I’ve never longed to get back to work, Winter thought. Not like that. This is more important.
“How do we know when the baby is hungry and when it’s full?”
“Good, Erik.”
“How much sleep?”
“For whom?”
“For me, of course,” he said. He started writing again after a short pause.
“What are you writing now?”
He looked up with a different expression on his face.
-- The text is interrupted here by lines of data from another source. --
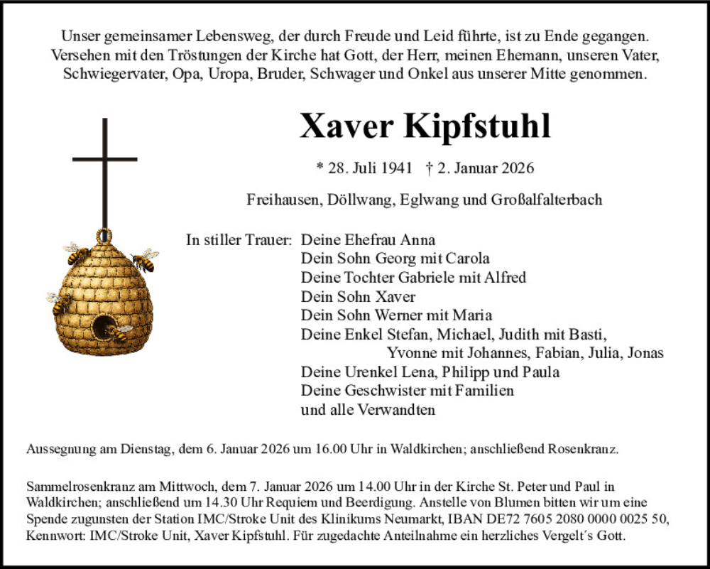 Hier finden Sie alle Traueranzeigen aus der Zeitung, die bisher für Xaver Kipfstuhl erschienen sind.
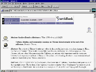 I entered history california mexicans into the search engine and came up with some excellent sources. Below is the report of the citations found on this search. About 1/3 of over a million articles in the database are available for viewing in full-text form, including graphics. That is actually amazing--when I was in college, such a possibility was literally only talked about in science fiction stories.
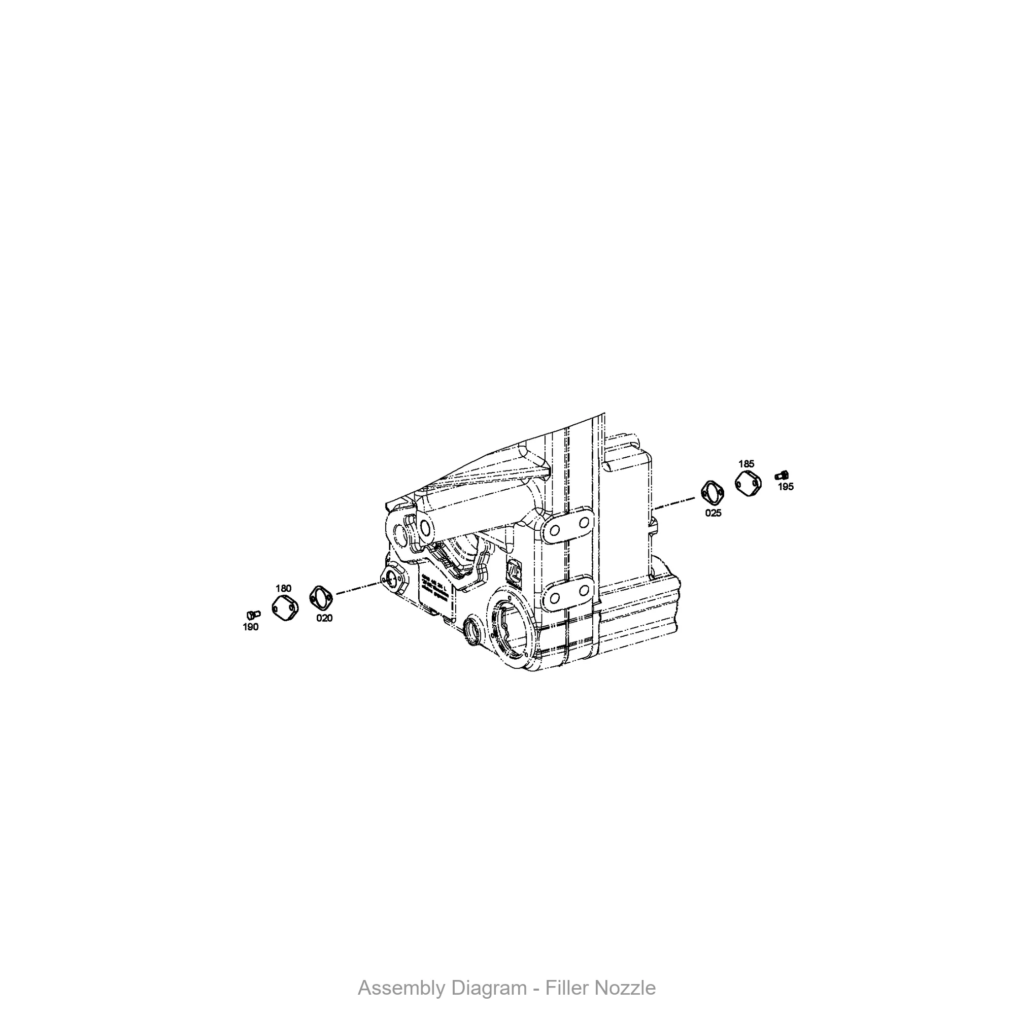 This filler nozzle is found in 8 ZF transmission variants, including: 3 WG 260, 4 WG 260, 4 WG 260(1), 4 WG 260(2), 4 WG 260(4), 4 WG 261, 5 WG 261, 5 WG 311. These transmissions are commonly used in wheel loaders, graders, and other heavy construction equipment. Contact us to verify fitment for your specific machine.
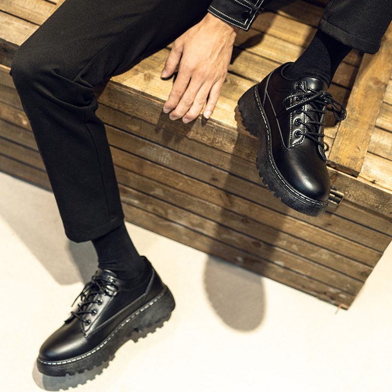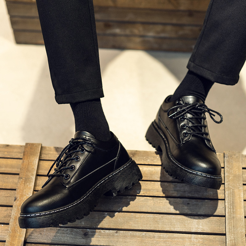 低帮软底低帮马丁靴黑色通勤大头休闲皮鞋 马登英伦风德比男士 工装
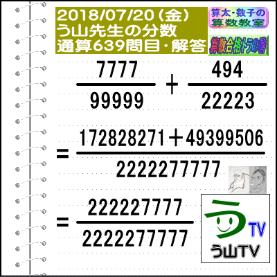 [う山雄一先生の分数]【分数639問目】算数・数学天才問題[2018年7月20日]Fraction □──────────────────□ 【算太・数子の算数教室】(R) 【算数合格トラの巻】 【う山TV(スタディ)】 【う山TV(バラエティ)】 【カンブリア・アカデミー】 ※──────────────────※ (o^-')b 大人気☆[う山先生式・分数計算]の問題です♪ ※──────────────────※ □ 2018/07/20(金) (o^-')b 【う山先生の分数・通算639問目】 [分数問題(2018年-062)] 本日は2018年7月20日です。 次の分数計算をしてね♪ 7777/99999 + 494/22223 = ? □ 【答え】後程♪ □ ※──────────────────※ (*^ー^)ノ[う山先生の分数(2018年-062)]です☆ 本日も面白い分数を作成しました♪ 本日、7月20日にちょっぴり相応しい分数問題を作りました。 分子・分母ともどうなるかな♪ ※──────────────────※ [Fraction of Professor Uyama] доля Frakcja Fracao ※──────────────────※ 算数・数学・家庭教師・個別指導・質問教室 ※──────────────────※ □ □□□□□□□□□□□□□□□□□□□□ [発行者氏名]【う山雄一】 [発行者web]【算数合格トラの巻】 [発行者web]【算太・数子の算数教室】(R) [著作]【算太・数子の算数教室】(R) 「さんた・かずこのさんすうきょうしつ」 [著作]【算遊記】 □ [メインサイト]う山先生のHP https://uyama.theblog.me/ □ [中学受験・算数]メイン http://www.geocities.jp/sansu_gokaku_toranomaki/ [中学受験・算数]サブ https://sansu.theblog.me/ http://santakazuko.wix.com/uyama □ [成績表・偏差値アップ] http://www.geocities.jp/santa_kazuko_1994/ □ [算遊記(さんゆうき)]算蔵法師・算悟空 http://www.geocities.jp/san_yu_ki/ □ [仕事用フェイスブック] https://www.facebook.com/kazuko.santa.5/ https://www.facebook.com/uyama.sensei/ □ [全般メール] ??????@gmail.com □ [中学受験・仕事用メール] ??????@hotmail.com ??????@gmail.com □ [ブログ]【算数合格トラの巻】 http://ameblo.jp/sansu/ http://blogs.yahoo.co.jp/sansu_gokaku_toranomaki http://uyama.blog.jp/ https://blog.goo.ne.jp/sansu_gokaku □ [ブログ]【算太・数子の算数教室】(R) http://ameblo.jp/santa-kazuko/ http://blogs.yahoo.co.jp/santa_kazuko_1994 http://blog.goo.ne.jp/santa_kazuko http://santakazuko.wordpress.com/ http://santa-kazuko.at.webry.info/ http://santa-kazuko.blogspot.jp/ http://ch.nicovideo.jp/santa-kazuko http://santa-kazuko.blog.jp/ □ [ブログ]【う山先生】 http://happy.ap.teacup.com/uyama/ http://blog.livedoor.jp/sansu/ http://blogs.yahoo.co.jp/san_yu_ki http://sansugokaku.blog.fc2.com/ https://uyama-sensei.hatenablog.com/ □ [ブログ]【オルドビスキー博士】 http://ameblo.jp/ordovisky/ □ [ブログ]【う山TV】 https://ameblo.jp/uyama-tv/ □ [動画配信]【う山TV】(スタディ/バラエティ) http://www.geocities.jp/sansu_gokaku_toranomaki/3-uyama-tv https://uyama-tv.themedia.jp/ □ [分数、楽しい!]シリーズ [分数で算数・数学の天才になろう♪]シリーズ [知的ゲーム]シリーズ [一瞬で解こう!]シリーズ [解けたら天才♪]シリーズ [家庭教師]シリーズ [算数・面白い問題]シリーズ [算数・数学ファイル/SSファイル]シリーズ 【音楽・作曲】シリーズ □ □ [指導日程] https://uyama-yuichi.theblog.me/ □ 【統括ブログ】 https://ameblo.jp/uyama-yuichi/ https://blogs.yahoo.co.jp/uyama_yuichi □ 【お知らせブログ】 https://ameblo.jp/uyama-sensei/ https://blogs.yahoo.co.jp/uyama_sensei https://uyama0515.wordpress.com/ □ 【問題ブログ】 http://www.geocities.jp/sansu_gokaku_toranomaki/2-blog.html □ □□□□□□□□□□□□□□□□□□□□ ☆ ☆ ☆ ☆ ☆ ☆ ☆ ☆
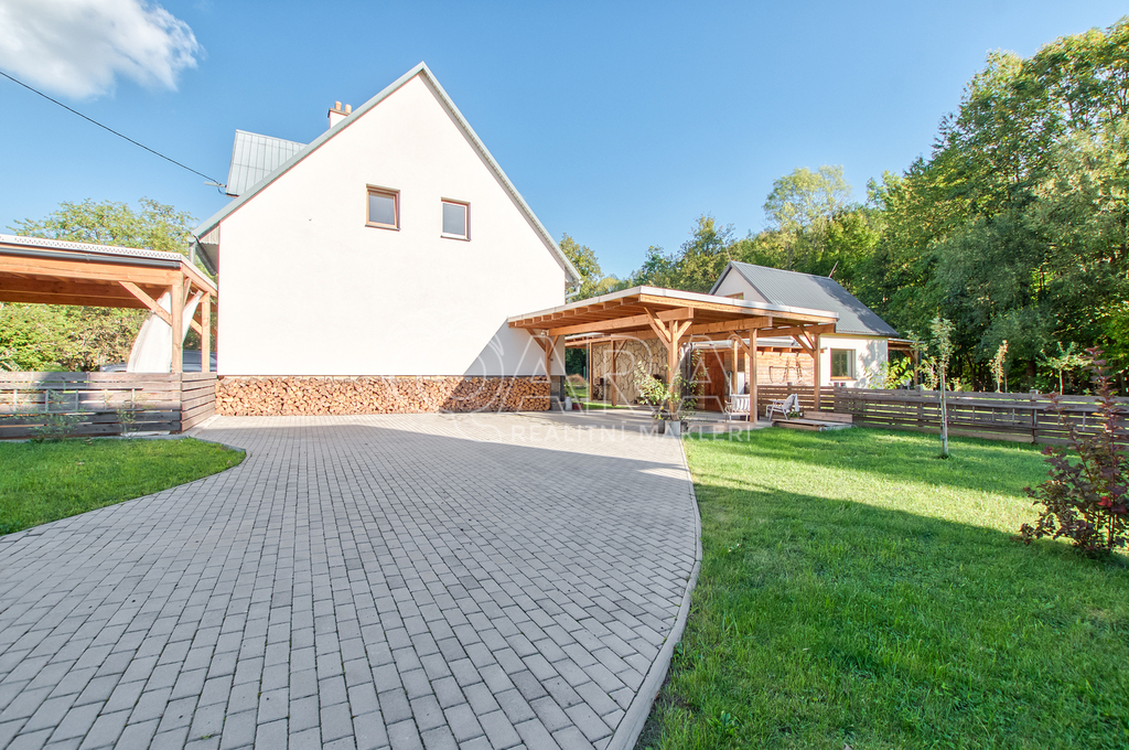 Exteriér: Zahrada s krásnou pergolou a výhledem do lesa je stvořena pro odpočinek. Parkování pro čtyři auta je zajištěno. Velký bonus: Pozemek o rozloze 1280 m² umožňuje jeho zastavitelnost pro budoucí rozšíření domu o další pokoje!
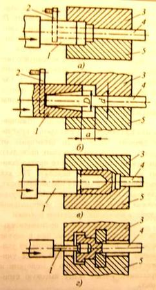 | Операции при штамповке ГКМ: высадка (рис.а), пробивка(рис г) Штампы ГКМ: 1 – пуансон 2 – упор (задает положение прутка) 3 – неподвижная матрица 4 – пруток с нагретым на конце участком (хвостовик) 5 – подвижная матрица (приводится в движение |
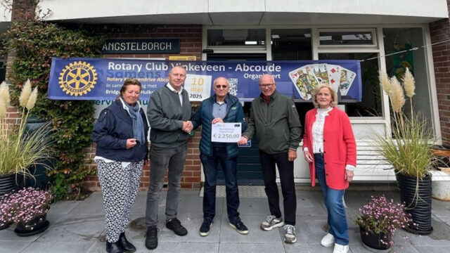 Abcoude/Baambrugge – Vertegenwoordigers van Stichting Angstelborgh ontvingen 8 oktober een cheque van 2.250 euro uit handen van de voorzitters van Rotaryclub Vinkeveen-Abcoude en Bridgeclub De Hulksbrug. De opbrengst is afkomstig van de tweede editie van de Kroegendrive, een jaarlijks bridgetoernooi dat in mei plaatsvond in diverse horecagelegenheden in Abcoude.
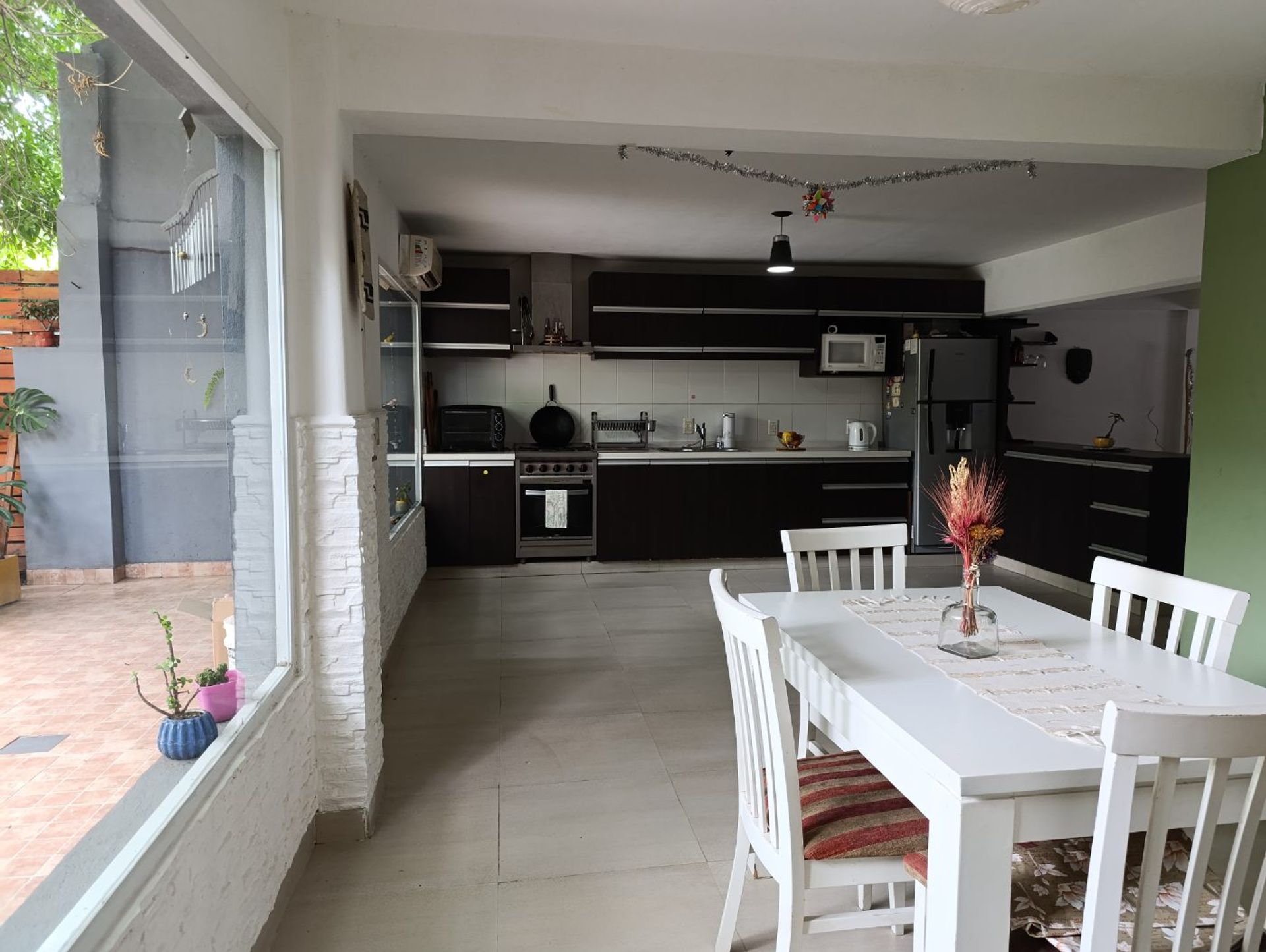 El patio y el jardín, con quincho y pileta de material, son ideales para recibir visitas y disfrutar de momentos en familia y con amigos. El entorno residencial, salpicado de árboles y palmeras, añade un toque de tranquilidad y naturalidad tanto desde el interior como desde el exterior de la casa.

“Let me look,” Angela said, grabbing his notepad and reading it. She looked at him: “Are my eyes deceiving me? ‘Check police force addresses against the pornography replies.’ Is that one of the questions you want to ask the midwife?”
“I thought of something.”
“Erik…”
“Maternity care,” he said quickly. “You’ve talked about maternity care after the reorganization.”
“Write it down,” she said. He didn’t. “I mean it literally,” she said.
The midwife offered them coffee, as this was the first time. In future perhaps they might like to take turns in bringing something nice with them, if they felt like it.
I can bake some brownies, he thought.
The midwife talked about relationships, how things change during pregnancy and after the birth. The men and women looked at one another.